Unfortunately, there's not really a good mechanism for plymouth to detect 'stuck', if it's truly hanging forever.
rhgb used to revert to the detailed view if it hadn't detected some sort of activity in a certain period of time (and would go back to graphical if the user didn't interact).
yea, we had to disable that feature in rhgb. There's no timeout that's reasonable for all systems.
hmm, thinking about this more, we might be able to detect oopses... Probably won't be able to detect panics, but that should get solved by the kernel when it sends panics over the framebuffer.
*** Bug 470468 has been marked as a duplicate of this bug. ***
Okay, I'm just adding the info from the bug marked as a dupe of this one as they are considered related. The other bug is about crashing X and plymouth not reacting to it. When there's an error in the xorg.conf file, which forces the X to crash, the plymouth just keeps running, although the animations are stopped. I guess the plymouth should show some info about unsuccessful X start, maybe show the X output (the log) on the screen or something, but definitely not keep the plymouth screen as nothing happened. And I'm sure the X tried to start, cause there's a log created from the crash.
This bug appears to have been reported against 'rawhide' during the Fedora 10 development cycle.
Changing version to '10'.
More information and reason for this action is here:
Even non-errors are a problem.
When a file system check is neeed, on todays large drives it can take a very long time. When the normal <a minute boot starts to take 5 or 10 minutes, the assumption is that it is hung. There is no clue that there is something "normal" happening. Pressing the reset button results in the same behavior. Selecting another kernel version results in the same behavior, until one waits long enough for the check to complete, which might take a very long time on a partition that is a significant fraction of a terabyte.
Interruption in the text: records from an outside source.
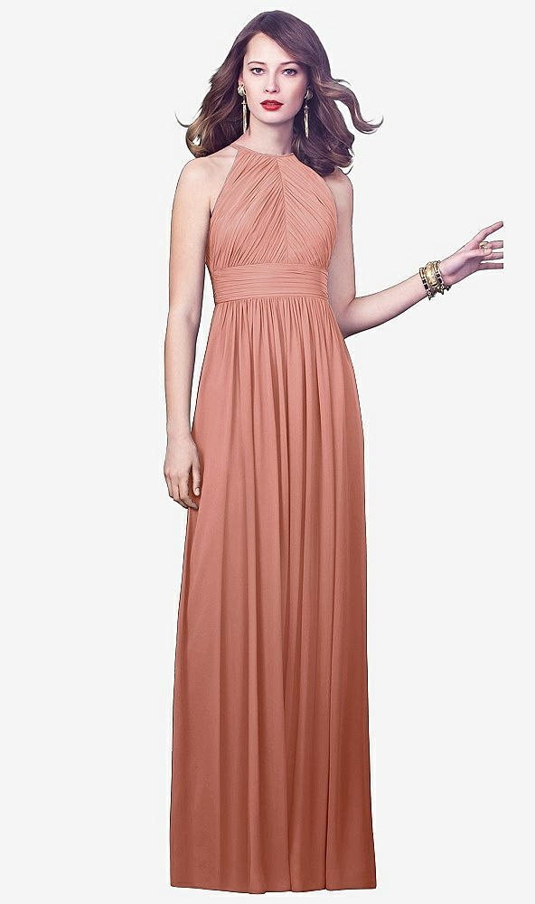 Generous shirring brings a glamorous look to this full-length lux chiffon dress. Its flattering draped bodice reflects a modified halter silhouette. Enjoy an alluring open back, and a shirred inset midriff and skirt.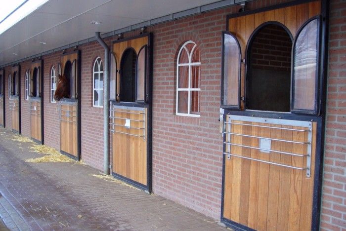 De stallen hebben aan de voorkant tralies met in het midden een luik die helemaal open kan. De zijkanten zijn gesloten en aan de achterzijde zit een raam dat ook helemaal open kan. Zo hebben de paarden veel ruimte en kunnen ze van alles zien. De stallen behoren bij ons meest luxe pension aanbod. De stallen worden daarom elke dag uitgemest en de hal word enlke dag geveegd. Op zondag word alles nog extra goed schoongemaakt. Het blok bied plaats voor 15 paarden, en de stallen zijn elk 3,5 m x 4 m.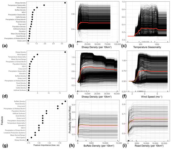 Feature importance plots rank ordering risk factors that contribute to Foot-and-Mouth Disease (FMD) spatial risk in the Middle East (a,d,g). Relative importance was estimated using a classification error loss function (loss: ce). (b,c,e,f,h,i) Illustrate centered individual conditional expectation (ICE) plots for the top two important features that contribute to the risk of FMD. The black lines represent the predicted risk of a FMD outbreak in a specific geographical location, while the red line signifies the partial dependence, calculated as the average risk across all locations. (a–c) Indicate all FMD outbreaks. (d–f) Indicate serotype O. (g–i) Indicate serotype A. Temperature seasonality had no specific unit and calculated as the standard deviation of monthly temperatures (°C) scaled by 100.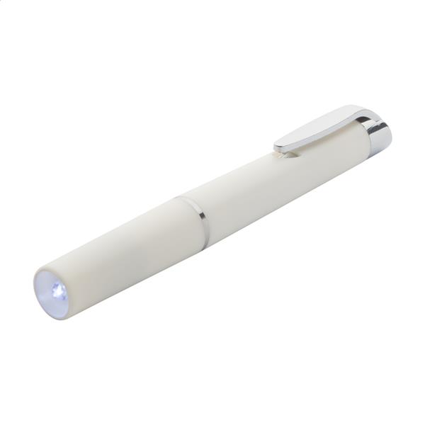 Latarka lekarska w kształcie długopisu. Dostarczana z bateriami.
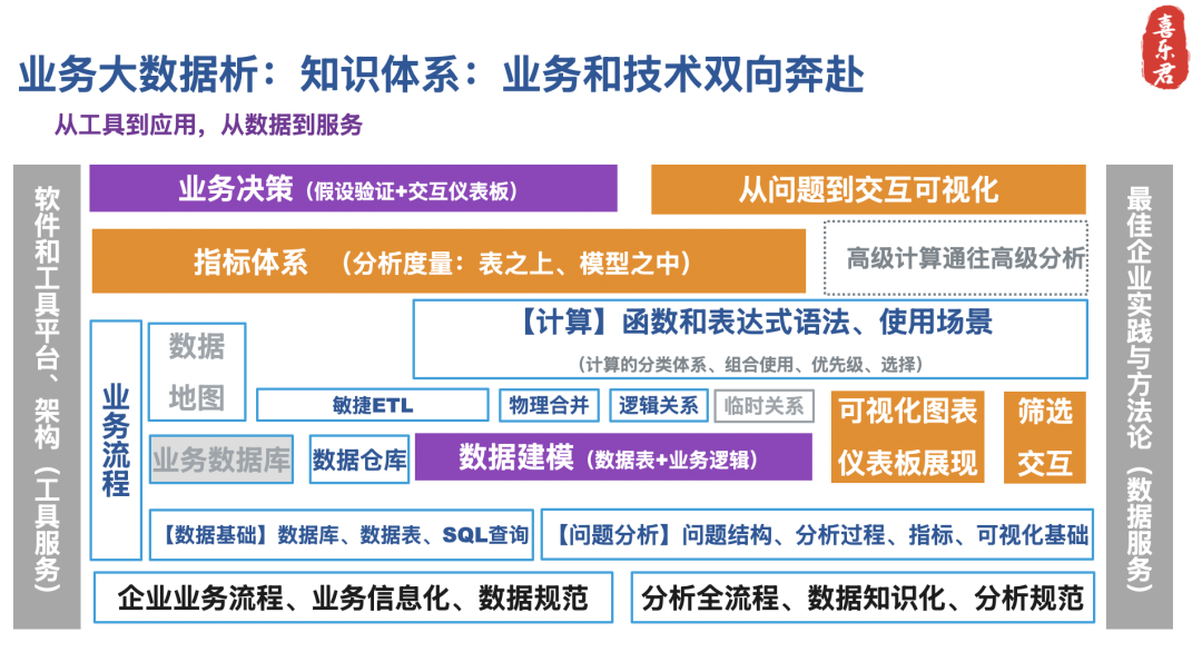 在过去多年的学习和实践中,我也与国内多家 BI 建立了不同形式的合作,我常常用下面的图来展示分析世界“业务”和“技术”两个方向的关键知识点,它们是相通于不同工具的——只是有些工具暂时没有达到足够的高度。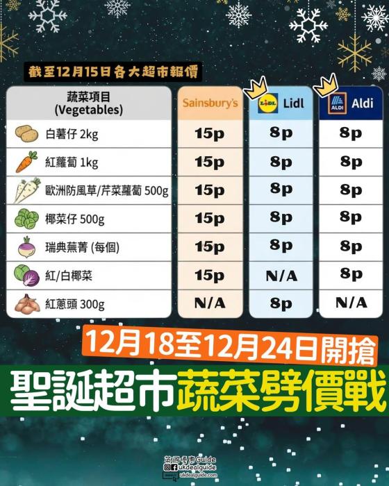 暫時有三間 Sainsbury’s / Lidl / Aldi 公佈競價,由 12月18日 (星期四) 開始至 12月24日聖誕前都可以入貨

Not only is some error notification needed, simply uncommon events need notification.
This message is a reminder that Fedora 10 is nearing its end of life.
Approximately 30 (thirty) days from now Fedora will stop maintaining
and issuing updates for Fedora 10. It is Fedora's policy to close all
bug reports from releases that are no longer maintained. At that time
this bug will be closed as WONTFIX if it remains open with a Fedora
'version' of '10'.
Package Maintainer: If you wish for this bug to remain open because you
plan to fix it in a currently maintained version, simply change the 'version'
to a later Fedora version prior to Fedora 10's end of life.
Bug Reporter: Thank you for reporting this issue and we are sorry that
we may not be able to fix it before Fedora 10 is end of life. If you
would still like to see this bug fixed and are able to reproduce it
against a later version of Fedora please change the 'version' of this
bug to the applicable version. If you are unable to change the version,
please add a comment here and someone will do it for you.
Although we aim to fix as many bugs as possible during every release's
lifetime, sometimes those efforts are overtaken by events. Often a
more recent Fedora release includes newer upstream software that fixes
bugs or makes them obsolete.
The process we are following is described here:
Fedora 10 changed to end-of-life (EOL) status on 2009-12-17. Fedora 10 is
no longer maintained, which means that it will not receive any further
security or bug fix updates. As a result we are closing this bug.
If you can reproduce this bug against a currently maintained version of
Fedora please feel free to reopen this bug against that version.
Thank you for reporting this bug and we are sorry it could not be fixed.